This last one also came to me one morning, after I woke up from a vivid dream and starting writing about how someone so far in my past could occupy any space in my head while I was sleeping. It didn’t seem fair. This is the haiku I ended up writing, not quite where I started, but it turned out to be a favorite:

See this hotel in
My heart? Revolving door for
Itinerant guests

 

W is for Work Ethic (or how I learned to work)

If there’s one thing my little brother and I learned from our parents, it was a healthy work ethic. We started working early. I don’t mean that we went out and got paper routes when we were five or anything like that, but we started early being responsible for chores around the house.

We lived in the country growing up, so there was no shortage of things to be done around the old homestead: lawns to be mowed, fences to be built and maintained, horse stalls to be mucked out, animals to be fed, barns to be tidied.

And indoors, of course, Mother expected us to clean up, not only after ourselves but after meals as well, and on Saturdays I vacuumed and dusted. Mom taught me how to iron when I was about six. I practiced on pillow cases and sheets and Dad’s undershirts. I learned how to use the sewing machine and how to wield a needle and thread. I became adept at hemming my own jeans.

When I was 11 or 12, Dad and I fenced in our acreage—we pulled barbed wire around 70 some acres together. We split and stacked so much fire wood. And then things changed. We left the country life and became townspeople, and the nature of our work changed.

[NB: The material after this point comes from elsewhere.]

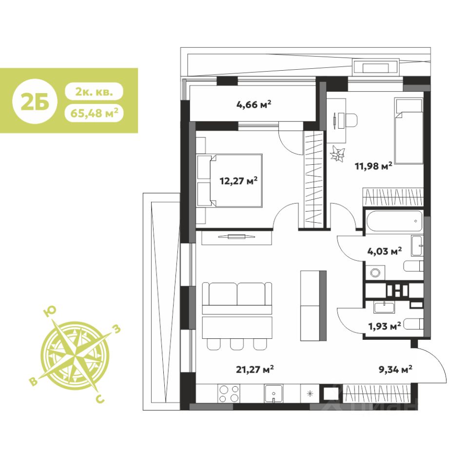 Продаётся 2-комнатная квартира в строящемся доме (2 этап), срок сдачи: I-кв. 2028, общей площадью 65.48 кв.м., на 2 этаже.

During the summer of 1976, when the nation was celebrating America’s bicentennial, our family moved across Washington State, from the foothills of the Cascade mountains in Sultan to the rolling wheat fields of Columbia County. We could not have moved any further south and east and still remained in the state. No longer content to work for his father at The Bellevue American, the Eastside’s pre-eminent weekly newspaper, my father decided to purchase and run his own weekly newspaper: The Dayton Chronicle.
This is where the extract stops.